Configure the JDBC Driver for Salesforce as a JNDI Data Source

Follow the steps below to connect to Salesforce from Jetty.

  1. Enable the JNDI module for your Jetty base. The following command enables JNDI from the command-line:

    java -jar ../start.jar --add-to-startd=jndi
    
  2. Add the CData and license file, located in the lib subfolder of the installation directory, into the lib subfolder of the context path.
  3. Declare the resource and its scope. Enter the required connection properties in the resource declaration. This example declares the Paddle data source at the level of the Web app, in WEB-INF\jetty-env.xml.

    
    <Configure id='paddledemo' class="org.eclipse.jetty.webapp.WebAppContext">
        <New id="paddledemo" class="org.eclipse.jetty.plus.jndi.Resource">
        <Arg><Ref refid="paddledemo"/></Arg>
        <Arg>jdbc/paddledb</Arg>
        <Arg>
          <New class="cdata.jdbc.api.APIDriver">
            <Set name="url">jdbc:api:</Set>
            <Set name="Profile">C:\profiles\Paddle.apip</Set>
            <Set name="AuthScheme">APIKey</Set>
            <Set name="ProfileSettings">"APIKey</Set>
          </New>
        </Arg>
      </New>
    </Configure>
    

    Using API Key Authentication

    Paddle uses API key authentication. To obtain an API key:

    1. Sign in to your Paddle account at https://vendors.paddle.com
    2. Navigate to Developer Tools > Authentication
    3. Click "Generate API Key"
    4. Assign the appropriate permissions for the data you wish to access
    5. Copy the generated key (sandbox keys begin with pdl_sdbx_apikey_; production keys begin with pdl_live_apikey_)

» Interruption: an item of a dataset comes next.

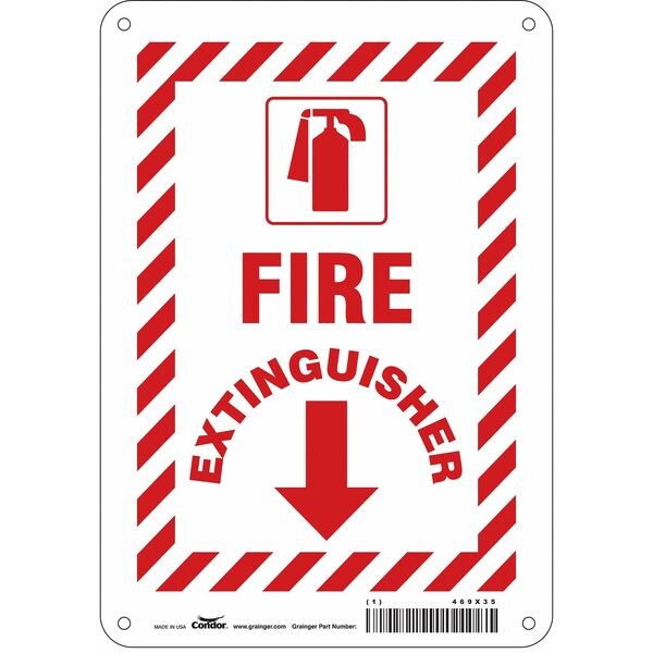 Safety Sign, Horizontal Rectangle, Number of Printed Sides 1, English, Sign Legend Fire Extinguisher, Sign Legend Background Color Red, White, Sign Legend Style Symbol and Text

    After obtaining your API key, set the following connection properties:

    • AuthScheme: Set this to APIKey.
    Set the following in the ProfileSettings connection property:
    • APIKey: Set this to your Paddle API key.

    Example Connection String

    Profile=C:\profiles\Paddle.apip;AuthScheme=APIKey;ProfileSettings="APIKey=your_api_key";
    

    Connecting to Paddle

    Once the authentication is configured, you can connect to Paddle and query data from any of the available tables such as Products, Customers, Subscriptions, and Transactions.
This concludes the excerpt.